1) Hives: Standard beehives
More two chambers
Price:
2) Bee Suits: Complete suit
Size: Medium
Price:
3) Natural honey: Natural Honey ( please advice mode of preservation)
Drum Size: 300/330kg Drum
Price:
Merchine
5) Extrator: Electric Honey Extractor merchine
Plain roller
Plain roller w/motor 220V
For the honey if you supply in a different container kindly specify with price and email me your prices on other items, minimum quantity your allow per order and available payment method you have. email me back with your number so i can follow up this order. thanks
I will be looking forward to hear from you soon.
Regards
Fred
+1514-600-0911
Lachine, Quebec

----------


## Neils

Trog, I haven't but my advice is ignore it and any follow on messages. If your email lets you, flag it as spam.

Don't reply to it, if nothing else you validate your email.

It smacks of a classic "419" scam attempt.

----------


## gavin

Nice to see that you got back safely from the pub, Neil.  He's a tall, handsome fellow if anyone is curious.

Maybe Fred has managed to hack into the email system of one of those purveyors of beekeeping spam that emanates from Devon or the Scottish Borders or wherever.

----------


## chris

Although it's from Quebec, it's not the language of a French speaker translating. I agree with Nellie-it stinks.
Nellie, what's a 419 scam?

----------


## Trog

Fear not, Nellie, though it is better spelled than the usual 419 scam from Nigeria, I'm sure it's of the same ilk.  I get regular scams like this with the B & B, strangely from a group of Greek trainee priests wanting to spend two weeks 'in my country'.  According to the Oban Times, folk have fallen for that one, accepting an overpayment then sending a refund ... and the original payment then bounces.  I posted it in case anyone else had received similar.

----------


## Neils

> Although it's from Quebec, it's not the language of a French speaker translating. I agree with Nellie-it stinks.
> Nellie, what's a 419 scam?


They're the "help me embezzle millions of pounds of third world taxpayer's money from this country and I'll give you 10% for your trouble..." type emails.

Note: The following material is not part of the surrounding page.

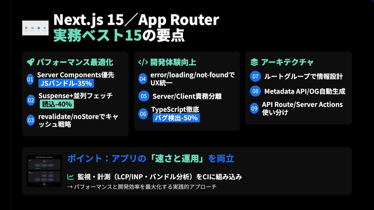 🛠️Next.js 15を“速く・壊れにくく” App Routerのベストプラクティス15項を1枚にまとめてみました! 設計の判断基準と数値目安つき 画像で要点を一気見👇 #Nextjs #AppRouter #React #ServerComponents #Webパフォーマンス #TypeScript #フロントエンド pic.x.com/Jumy6zZKpt

419 is the section of Nigerian law that covers these sorts of scams if memory serves me right, I think it does technically outlaw them rather than encourage them.

----------


## Ruary

Yes, I got a copy of this, deleted it as fast as I could.

----------


## Feckless Drone

hi all - this is a big problem. Send the email to me, with full details of your bank account and I'll take care of it for you. For a fee of £50 I will also make sure you win the lottery of your choice. For a fee of £100 I'll post stuff about pesticides on.... maybe not!

FD

----------


## Jon

another feckless shill comes out of the woodwork!

----------


## Calum

Hi
I get them wanting to sell me hide gloves, from Afganistan! Not sure if it is a scamm, not bothered, fishermans orange or blue gloves are the best!

----------